THE ORIGIN OF COARSE ANTECRYSTS IN FLOOD BASALT LAVAS: A LA-MC-ICPMS SR ISOTOPE MICROANALYTICAL STUDY OF THE COLUMBIA RIVER BASALTS

Many continental flood basalt lavas contain large (1 - 10 cm) plagioclase phenocrysts. In the case of the Columbia River Flood Basalt Province, they are confined to early-erupted Steens and Imnaha lavas; flows of the later-erupted Grande Ronde and other formations either contain small plagioclase phenocrysts or are completely aphyric. Using laser ablation multicollector ICPMS, we show that coarse plagioclase crystals in the Steens and Imnaha are more radiogenic in Sr than their host matrix and, consequently, than the whole rock (Ramos et al., 2013). Nonetheless, their major element compositions are approximately in equilibrium with the groundmass at crustal pressures as shown by MELTS simulations. They may therefore be considered to be antecrysts rather than true phenocrysts; they did not grow from the melt in which they are hosted at eruption, but from one very similar albeit isotopically distinct. Here, we link these observations to a model in which antecrysts grow as semi-rigid mush during the initial colonization of continental crust by basaltic magma, and are remobilized and ascend to the surface by later passage of magma along the same pathways.

Colonization of continental crust by basalt may begin with early intrusions that form a dike-and-sill network in which individual intrusive sheets cool, crystallize and simultaneously heat the surrounding crust (Dufek and Bergantz, 2005).

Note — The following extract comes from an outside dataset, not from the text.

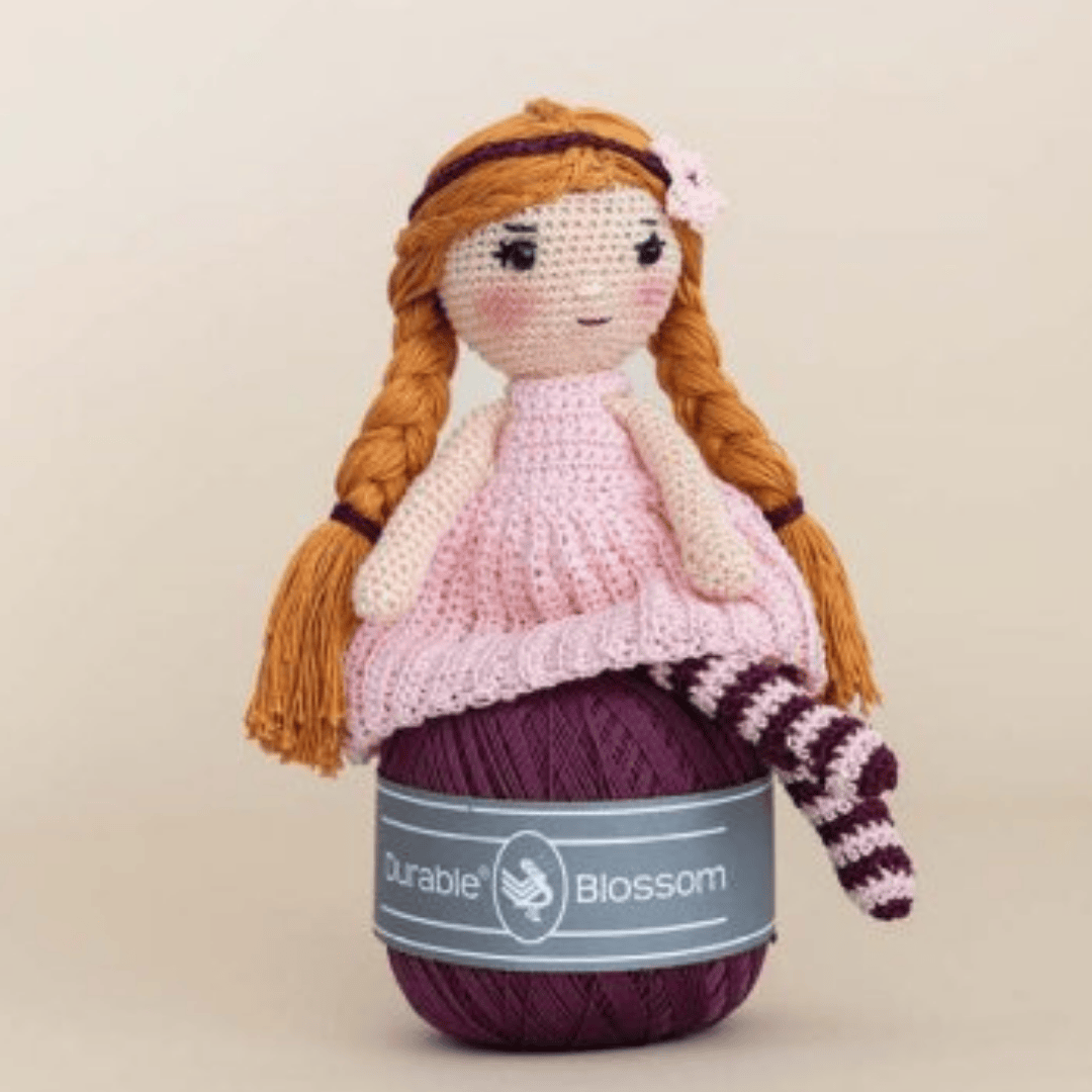 Maak kennis met Blossom, een lief en vrolijk popje dat speciaal gehaakt is met ons gloednieuwe Durable Blossom garen. Dit verfijnde, katoenen draad met een subtiele matte glans leent zich perfect voor de kleinste details – precies wat dit schattige popje bijzonder maakt.

Eventually, the temperature of the system rises above the basalt solidus and intrusions do not fully crystallize but exist as rigid mush zones with interstitial melt, facilitating diffusional uptake of crustal Sr by plagioclase crystals in the mush. Injection of fresh magmas “cores out” the intrusive pathways and brings these crustally-contaminated plagioclase antecrysts to the surface. In this model, the occurrence of large plagioclase antecrysts is an artefact of the early, waxing stage of continental flood basalt magmatism.

References:

Dufek & Bergantz, J. Petrol. v.46, p.2167-2195 (2005).

Ramos et al., GSA Special Paper v.497, p.231-257 (2013).